LWW: last write wins. Due to the time sync issue, newer data from other nodes can have an "earlier" timestamp, causing the node that should sync the data thinks that the data is "old", thus drop the write.

fending: an extra counter that is assigned when the lock server grants a lock or lease, which increases every time a lock is granted. Then every time a client sends a write request to the storage service, it must include its current fencing token. This is to prevent a client pause, for example due to garbage collection, and when it comes back, it thinks itself is still the leader thus make write requests, while its lease would've been expired. Such writes will corrupt the data (since there are other nodes assigned as leaders and issuing writes).

One example, zookeeper could be used as lock service, its zxid or the node cversion can be used as fencing token.

The problem becomes harder when the nodes can tell "lie" - known as Byzantine fault, but usually can safely assume that there are no such faults.

Chapter 9 Consistency and Consensus (Need re-read)

The best way of building fault-tolerant systems is to find some general-purpose abstractions with useful guarantees, implement them once, and then let applications rely on those guarantees.

Eventually consistent is actually a weak guarantee.

Linearizability

To make a system appear as if there were only one copy of the data and all operations on it are atomic.

To test a system is linearizable: recording the timing of all requests and responses, and checking whether they can be arranged into a valid sequential order.

Linearizability is important in a couple scenarios:

  • Locking and leader election -> make sure there is indeed only one leader
  • Constraints and uniqueness guarantees
  • Cross-channel timing dependencies -> Image upload, the resizer could fetch old image causing the thumbnail and actual impage inconsistent if the system is not linearizable.

Implement linearizable systems

Ordering Guarantee

logic clock: an algorithm to generate a sequence of numbers to identify operations, typically using counters that are incremented for every option. It provides a total order, which is important for linearizability.

Lamport timestamps

Each node has a uniqute identifier and each node keeps a counter of the number of operations it has processed. The id is as (counter, node ID).

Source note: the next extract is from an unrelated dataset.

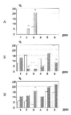 В процессе обучения у всех крыс наблюдались межсигнальные побежки (МСП) в неосвещенные отсеки с электрокожным подкреплением до подачи условного сигнала. Среднее количество МСП за весь период обучения достоверно не различалось по группам. Анализ динамики взаимосвязи межсигнальной активности с последующей результативностью в этих циклах позволил обнаружить следующие факты. В контрольной группе животных (рис. 3А) в первые три дня обучения МСП равновероятно встречались как в ошибочных, так и в результативных поведенческих актах. Однако с 4-го дня происходило возрастание числа МСП и достоверно (p<0,05) более высокая их корреляция с правильным выполнением оборонительного акта.

If you have two timestamps, the one with a greater counter value is the greater timestamp, if the counter values are the same, the one with the greater node ID is the greater timestamp. Besides, each node carries the maximum counter value it has seen. When a node receives a request or response with a maximum counter value greater than its own counter value, it immediately increases its own counter to that maximum.

Total Order Broadcast

Lamport timestamps is still not enough. For example, it can't solve two users register the same user name at the same time, as you need to know the total order is finalized. Therefore a broadcast is needed.

Total order broadcast is exactly what you need for database replication: if every mes‐ sage represents a write to the database, and every replica processes the same writes in the same order, then the replicas will remain consistent with each other.

Part III. Derived Data

Chapter 10: Batch Processing

Introduced Unix philosophy in the beginning, which I already know most of it.

Separating the input/output wiring from the program logic makes it easier to compose small tools into bigger systems.

MapReduce

NAS: Network Attached Storage
SAN: Storage Area Network

HDFS as the example, which is based on the shared-nothing principle.